Los dedos sintieron el contacto de una tierra áspera y baldía y sintió el humus de la fronda que acusaba la entrada de un forastero que era él. Temió la esperable llegada de sapos y escarabajos y serpientes pero fue una sospecha infundada. Siguió despojándose  de la campera, la camisa y los pantalones que volaron sin destino junto con los bóxers. Había bancos debajo de la glorieta que interfería el paso de las rayas calientes y azules del sol. Entonces se sentó. Una brisa nueva irrumpió en su pecho. Entremezclando  canciones y  relatos, pudo dar nombre a los nuevos acompañantes: el heliotropo y el jazmín, la madreselva y el trébol. Después arribó  un aire marino, luego el  turno del  medicinal eucalipto. De a poco se sumó el pájaro carpintero, el benteveo y el zorzal. No podía hablar ahora del color del cielo, de las inexplicables figuras que dibujaban nubes algodonosas, pero  se distinguían  negras nubes que él temió porque nada bueno auguraban: solo signos seguros y ciertos de abundante lluvia.  Pudo adivinar algo, presentir el rayo, antes que llegara el estruendo que, como bufón de Corte anunció la llegada de las hojas aceradas y frías de la lluvia, que empezaron  a caer como espadas, justo en aquel bosquecillo que él hubiera querido solitario, retraído y silencioso. Era su destino y deseo que apareciera el  rayo en el horizonte, cual arma destructora que  con inefable puntualidad atravesó claraboya, glorieta, tallos y flores y el propio cuerpo del hombre que allí esperaba (o desesperaba)  con  su escuálido espíritu y la magra osamenta de su cuerpo magro.

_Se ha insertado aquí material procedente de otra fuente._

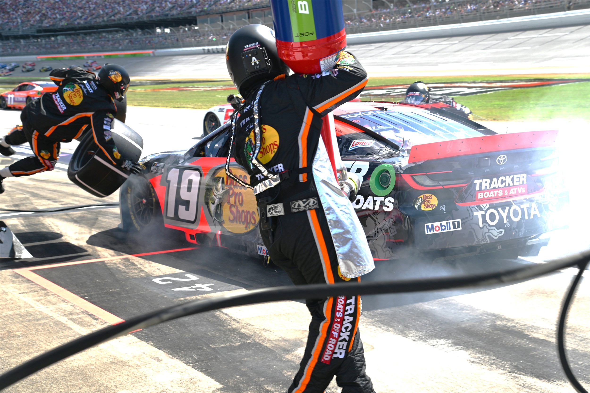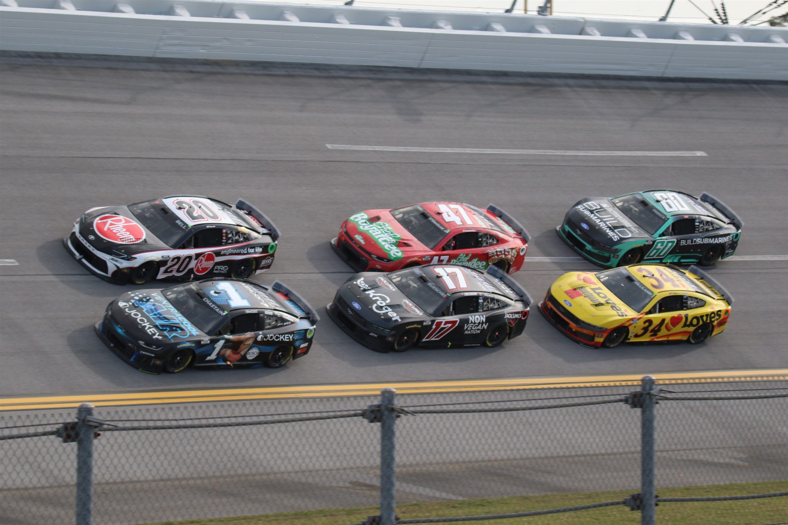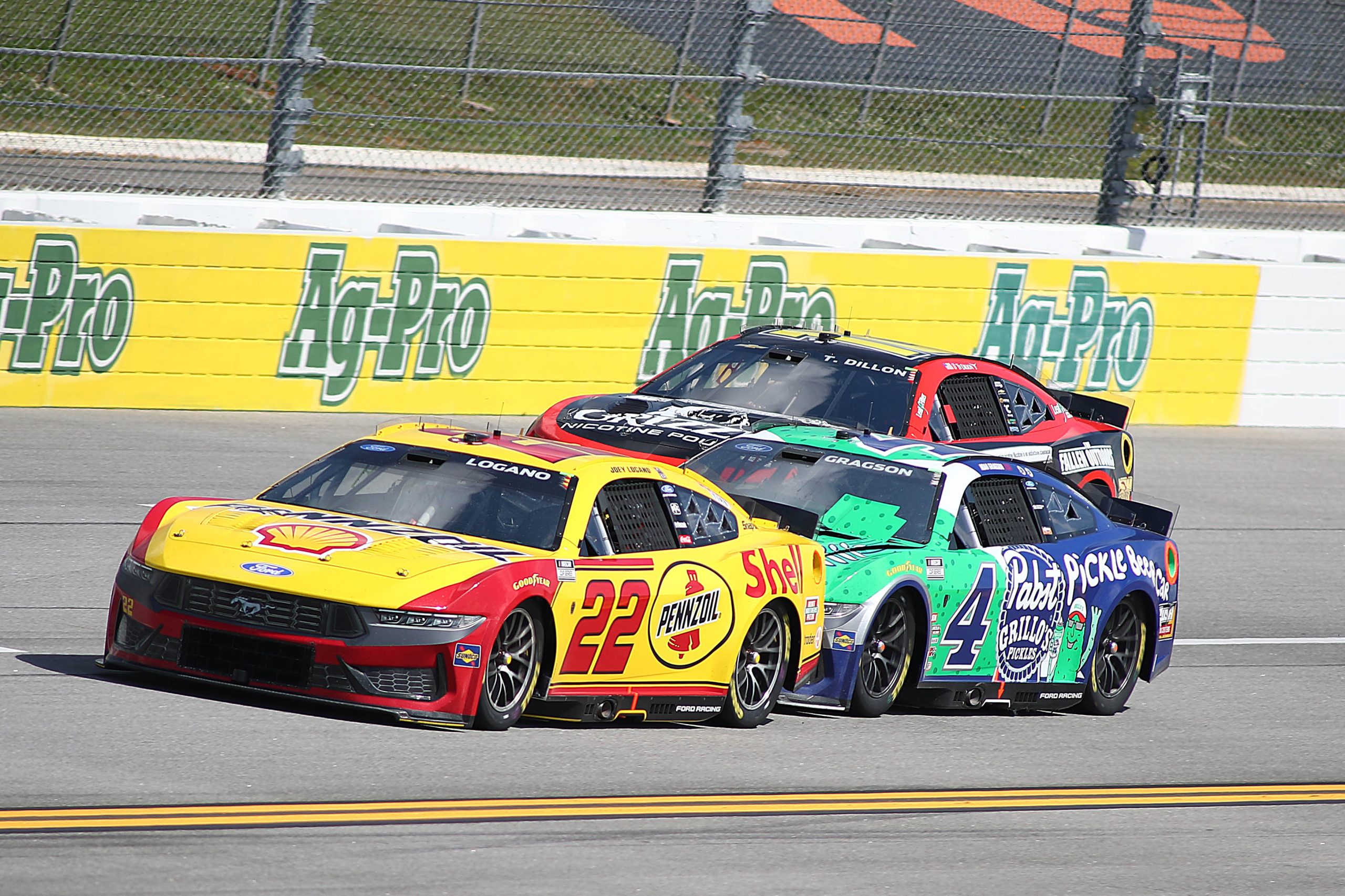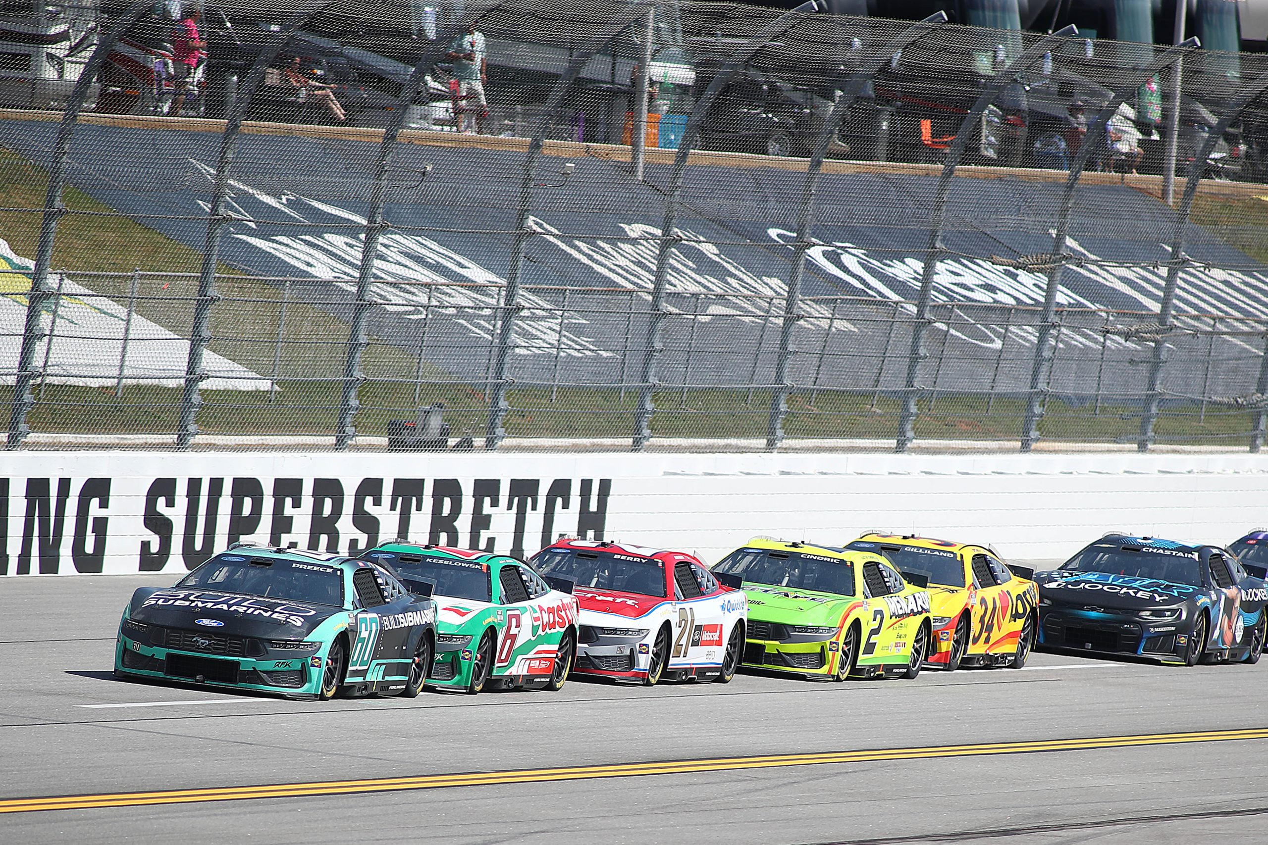 Legendary Racetrack!The Talladega Big Rig with the Giant American Flag!F-35 Flyover after the National Anthem delights the crowd!Pace-Lap of the Jack Links 500 at Talladega Superspeedway in front of the packed crowd!The pace car is away, signaling the start of the race as No. 45 Tyler Reddick leads from the pole position!It’s a full house at Talladega at the start of the race!The field makes their way through the Tri-Oval at the start of the race!Green Flag and the start of the race!Jesse Love driving the No. 33 Richard Childress Racing ChevroletHamlin leads the first lap down the Alabama Gang Superstretch as Reddick begins to fall back.No. 45 Tyler Reddick is off the pace and falling back.From Lap 4-10 No. 3 Austin Dillion, No. 19 Chase Briscoe and No. 11 Denny Hamlin take turns leading the field.No. 45 Tyler Reddick falls back as he reports intermittent engine firing.Reddick continues to fall back to P23 as Hamlin leads.On Lap 10 No. 66 Chad Finchum leads for the first time in his NASCAR career.Chad Finchum leads as Hamlin, Briscoe, Gibbs and Nemechek give chase at full throttle.Laps 10-20 as Finchum, Hamlin and Briscoe opt for speed vs. a fuel saving strategy.Joey Gase goes a lap down on lap # 40.Lap 42 Chase Briscoe pits but comes in hot into the first pit stall off Turn 4 as he locks up the brakes!Chase Briscoe slides through his pit box, right into the path of tire-changer CJ Bailey!CJ Bailey goes flying as the No. 19 Toyota makes contact with him!Chaos ensues in the No. 19 pit box as his crew member & tires go flying and the fuel man gives chase!Briscoe slams it into reverse and gets wrapped up in his air hose!The misstep by Briscoe was an immediate safety violation that penalized the team on the costly pit stop. CJ Bailey was reportedly unhurt in the incident, but the 2025 Yellawood 500 winner hopes for a repeat Talladega victory were dashed.Riley Herbst had a rough day at Talladega, with two pit road speeding penalties and one for advancing his position below the yellow line.No. 34 Todd Gilliland leads Joey Logano through Turn 4.It’s Shane Van Gisbergen and Ross Chastain leading Erik Jones, Austin Dillon and Ricky Stenhouse, Jr. down the backstretch!Shane Van Gisbergen heads to the Tri-Oval.Fords to the Front as Preece leads Buescher, Keselowski, Logano and Blaney.Brad Keselowski out of Turn 4 headed for the Tri-Oval.Late in Stage One, stage winner No. 60 Ryan Preece Leads.Christopher Bell pits.Daniel Suarez pits.Ricky Stenhouse, Jr. pits.Carson Hocevar’s pit stop.Austin Cindric hits the pits.Pit road is open and leaders are in. No. 23 Bubba Wallace takes only two tires.No. 77 Carson Hocevar, William Byron, Shane Van Gisbergen, Chase Elliott, Alex Bowman and Ricky Stenhouse, Jr. off pit road.Ty Gibbs, John Hunter Nemechek and Kyle Busch exit pit road.2022 Talladega Winner, Ross Chastain.2025 Jack Links 500 Winner, Austin Cindric.2021 Talladega Winner, Chase Elliott.On Lap # 114, Logano leads the three wide field towards Turn 2.No. 22 Joey Logano leads Noah Gragson and Ty Dillon into Turn 3 at the Alabama Superspeedway.Bubba Wallace leads Ross Chastain, Cole Custer and Brad Keselowski out of Turn One.Bubba Wallace leads the field towards Turn Two.It’s No. 23 Bubba Wallace, Joey Logano, Ross Chastain & Ryan Blaney down the backstretch.Bubba Wallace leads through Turn 3.Bubba Wallace leads through Turn 4.Bubba Wallace leads Ross Chastain down the Alabama Gang Superstretch.

Entonces bajo agua, se doblegaron las flores, se recibió el estruendo del trueno junto a una impronunciable fórmula del rayo, que los hombres de ciencia aun no alcanzaban a descifrar, pero que él pudo sentir en la íntima fibra de su alma antes de la extinción de los restos últimos de su cuerpo demolido bajo un manto de huesos astillados, músculos vencidos, grasa que jabonosa huía presurosa bajo  un manto de ceniza  que pronto  dejó ver  una sorpresiva y anónima estatua inmóvil y  gris, que después el  viento de la tormenta  deshizo, dispersando los restos invisibles y últimos que desaparecieron presurosos, aprovechando aperturas de puertas y ventanas, dejando la vieja mansión abierta, como un castillo negro, enorme y silencioso.